People who know me well know that I love rabbits. I love them so much and they bring such joy into my life. Rabbits have such great personalities and they are super social. Not only do I love rabbits I love rabbit shows. That’s one of my favorite things to do is go to a show and enter one of your rabbits. As a child we had a rabbit named Wiggles. He ran loose in our garage and I remember that he ate the tops off our rubber boots. I was devestated when the neighbour left the door open and he got killed.
My love for rabbits grew more and now. I decided the next best thing is breeding baby bunnies. I first breed lionheads they are amazing animals. I loved them but they are hard to sell here in the island. I’ve bred rabbits for about 10 years. Yes the babies are so cute but as a breeder that comes with a lot of responsibility. There are tough decisions that need to be made. Ones I hated so much but needed to do it for the best for my rabbits. I finally thought I had the breeding pair I have been looking for forever. Turns out Huckleberry has really bad teeth. I can’t breed him with bad teeth and he’s also in pain and barely eating and drinking. It’s so expensive to get his teeth done because you have to put him under and it’s a high risk surgery and then it does not fix the problem. The kind thing will be to put him down.

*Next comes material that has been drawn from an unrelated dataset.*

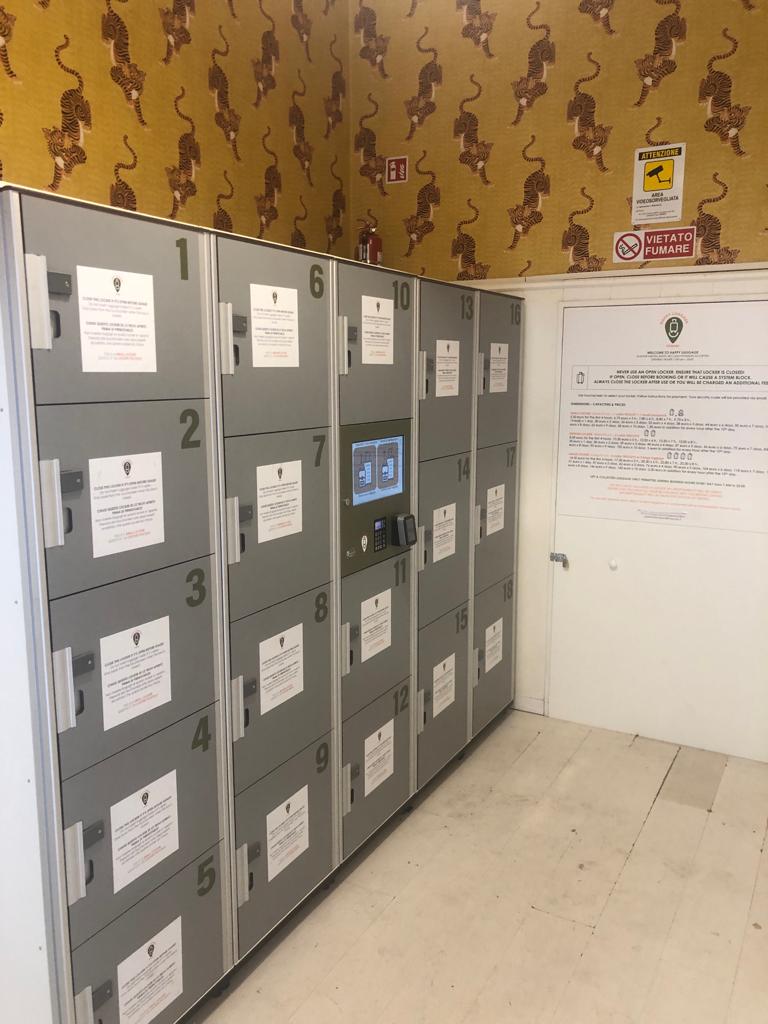 Our self-service luggage storage in Rome’s Monti neighborhood (located in Via degli Zingari, 51 B) offers automatic lockers, allowing you to easily store your bags and suitcases of any size. The facility is open 24 hours a day, 7 days a week, guaranteeing you access to your personal belongings at any time. Security is our priority: our secure lockers are made of sturdy metal, and the entire area is constantly monitored by a modern video surveillance system. Free yourself from the weight of your bags and enjoy your day with the peace of mind that your belongings are safe.

I’m devestated. He’s such a sweet boy outside his cage. Inside his cage he’s super protective. He was the only kit in a litter so he and I are really bonded. This is the part of rabbits I hate so much. My old counselor told me that if I never loved my heart would not be this passionate and it’s lonely not knowing love. ♥️ I hate that love hurts so much. I’ve made a tough decision to not breed anymore but I can’t take all the loss and I need a simpler life. I have the cutest babies right now from Huckleberry and Creamsicle. I can’t do this anymore. Before I move I will be selling off almost all my rabbit things. My new place is smaller.
To not exclude rabbits from my life, because rabbits are so important to me. I’ve decided to buy a plush satin lop and have a pet rabbit one that I can love and these rabbits are so mellow that I can use it in school as a therapy rabbit. I’m sad to be ending this part of my life. Seems like my whole life is Changing so much. This is one of those hardest times. The tough decision to do the right thing is never easy.